National salary overview
| Metric | Value | Source / notes |
|---|---|---|
| BLS all-NP median (May 2024) | $128,490–$129,210 | SOC 29-1171; all NP specialties combined |
| Dermatology NP national average (aggregated) | ~$100,000–$145,000 | Wide range across sources; reflects real market variation |
| PayScale median (2026) | ~$95,000 | Based on 48 self-reported profiles; likely understates market |
| ZipRecruiter / Indeed average (2026) | $134,000–$142,000 | Job posting aggregates; may skew toward experienced roles |
| JCAD Workforce Survey median (NPs + PAs combined) | $125,000–$162,500 | Peer-reviewed survey data; mixed NP/PA respondents |
| Entry-level (0–2 years) | $85,000–$105,000 | New grad to early career |
| Senior / experienced (10+ years) | $145,000–$180,000 | Established panel, DCNP certified, procedural volume |
Methodology note: The BLS does not publish dermatology-specific NP salary data. The figures above synthesize BLS OEWS SOC 29-1171 state-level data, published salary aggregators (NursingProcess.org, Salary.com, ZipRecruiter), and peer-reviewed workforce survey data from the Journal of Clinical and Aesthetic Dermatology (JCAD). Use these as benchmarks — your actual offer will depend on your state, employer type, specialty track, years of experience, and whether you hold DCNP certification.
Salary by work setting
Setting is the most consequential compensation variable for dermatology NPs after geography. The same NP can earn $25,000–$60,000 more annually depending on whether they work in a salaried private medical practice or a high-volume cosmetic and surgical derm environment.

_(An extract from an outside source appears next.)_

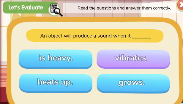 In “Let’s Explore” interactive, students get to carry out investigation and explore new concept through concrete learning experiences. For example, with limited knowledge about making a kazoo, students will try explore the concept of how sound is produced by making their own kazoo.
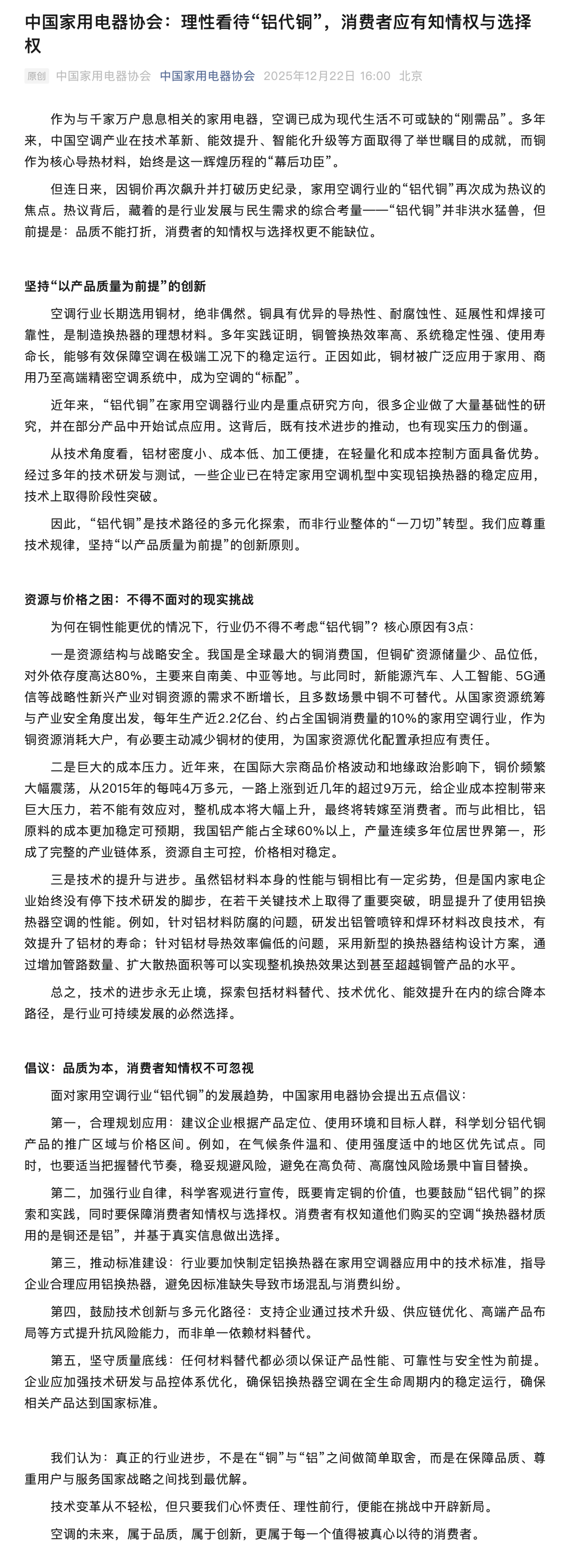 格力电器对“铝代铜”的立场与技术考量 - 格力电器表示铜是空调核心原材料,占空调成本的20%左右,尽管铝材成本约为铜材的1/12(价格约为1/4,密度约为1/3),但在熔点、热传导系数、电阻率、耐腐蚀及长期可靠性等方面与铜存在较大差距 [1] - 格力电器董事长董明珠称,如果用铝代铜,一台空调相差488块原材料成本,在技术研究没有100%确定时,暂时不允许使用铝 [1] - 公司重视铝代铜技术研究并持续关注行业动态,但坚持在铝的性能、质量和可靠性不能完全保证的情况下,暂时没有铝代铜计划 [1] - 董明珠强调,铝代铜可以研究,但必须等到铝能够完全替代铜的技术条件和保障时才会使用 [1] 行业“铝代铜”的推动与标准化进程 - 中国是全球最大的空调生产与消费国,但约80%的铜依赖进口,而中国电解铝产量占全球60%,原材料供应可控性更强 [1] - 目前铜价已突破每吨1万美元,铝的成本远低于铜,“铝代铜”被认为是降低生产成本的有效路径之一 [1] - 行业正在加快推进空调“铝代铜”及相关标准制订,由海尔、海信等企业参与的《房间空调器用铝管翅式热交换器生产线建设规范》团体标准已发布,多项相关团体标准正在编制中 [2] - 格力、美的、海尔、小米、海信、TCL、奥克斯等企业共同参与《房间空气调节器用热交换器》国家标准的修订,新一轮标准讨论会预计在2026年1月举行 [2] - 海尔、美的、海信、TCL、奥克斯、小米、美博等多家空调企业联合发声遵守《空调铝强化应用研究工作组自律公约》,表态禁止恶意攻击,科学宣传铝换热器空调特点,不得夸大或虚假承诺,但格力电器缺席此次联合发声 [2] “铝代铜”的技术挑战与行业背景 - 铜在导热性、耐腐蚀性和长期可靠性方面物理优势明显,如何通过技术弥补铝的性能短板是核心挑战,铝的焊接工艺比铜更复杂,对企业的制造能力和焊接水平要求更高 [2] - 空调行业长期选用铜材因其优异的可靠性,是制造换热器的理想材料,铜管寿命长,能保障空调在极端工况下的稳定运行 [7] - 铝材密度小、成本低、加工便捷,经过多年技术研发与测试,一些企业已在特定家用空调产品上取得阶段性突破 [7][9] - “铝代铜”是技术路径的多元化探索,行业需遵循技术规律,坚持“以产品质量为前提”的创新原则 [7] 推动“铝代铜”的现实动因 - 从资源结构与战略安全看,中国铜消费对外依存度高达80%,而战略性新兴产业对铜资源需求增长,空调作为铜资源消耗大户(每年生产近2.2亿台),有必要主动减少铜材使用,为国家资源安全分担压力 [8][9] - 巨大的成本压力是另一动因,国际铜价从2015年的每吨4万多元一路上涨到近期的每吨1万美元,给行业带来巨大压力,铝原料成本更稳定可预期,中国铝产能占全球60%以上,形成了完整的自主可控产业链 [9] - 技术进步是重要支撑,行业通过研发提升了铝换热器空调的性能,例如通过涂层技术提升铝材寿命,通过增加管路数量、扩大散热面积等方式提升整机换热效率 [9] 行业协会的倡议与行业共识 - 中国家用电器协会提出五点倡议:合理规划应用,建议企业根据产品定位、使用环境和目标人群科学划分铝代铜产品的推广区域与价格区间,例如在气候温和、使用强度适中的地区优先试点,并把握替代节奏,规避风险 [4] - 加强行业自律,科学客观宣传,既要肯定铜的价值,也要鼓励铝代铜的探索,同时保障消费者知情权与选择权,消费者应知晓换热器材质是铜还是铝 [4] - 推动标准建设,加快制定铝换热器在家用空调器应用中的技术标准,避免市场混乱与消费纠纷 [4] - 鼓励技术创新与多元化路径,支持企业通过技术升级、供应链优化、高端产品布局等方式提升抗风险能力,而非单一依赖材料替代 [4] - 坚守质量底线,任何材料替代都必须以保证产品性能、可靠性与安全性为前提,企业应加强技术研发与品控,确保铝换热器空调在全生命周期内稳定运行并达到国家标准 [4] - 协会认为真正的行业进步,是在保障品质、尊重用户与服务国家战略之间找到最优解,而非在“铜”与“铝”之间做简单取舍 [5]

| Work setting | Typical salary range | Compensation model | Notes |
|---|---|---|---|
| High-volume cosmetic + surgical derm | $150,000–$250,000+ | Base + production / commission on injectable and procedure revenue | Injectables and Mohs-adjacent procedural volume drive top earners; requires prior medical derm experience |
| Mohs surgery center | $120,000–$170,000 | Salary or salary + productivity | Pre-op consults, wound management, post-Mohs follow-up; growing segment with strong employer demand |
| Private dermatology practice (medical) | $100,000–$145,000 | Straight salary; some practices add panel or volume bonus | Most common setting; compensation reflects panel volume and mix of established vs. new patients |
| Academic medical center dermatology | $115,000–$160,000 | Salary (some institutions moving to wRVU models) | Complex-case panels; strongest base salary stability; slower ceiling growth than private cosmetic |
| Hospital-based outpatient derm | $105,000–$140,000 | Straight salary | Benefits stability; structured onboarding; production pressure generally lower than private practice |
| Teledermatology | $95,000–$130,000 | Salary or per-encounter rate | Asynchronous and synchronous platforms; requires 3+ years derm experience for most platforms |
Cosmetic and Mohs surgery: the compensation premium explained
The JCAD Workforce Survey found a clear pattern: dermatology NPs and PAs earning less than $250,000 annually drew the majority of their patient volume from general medical dermatology with only a small percentage from cosmetic and surgical services. Respondents earning more than $250,000 showed the inverse — lower general derm volume and substantially higher cosmetic and surgical procedure percentages.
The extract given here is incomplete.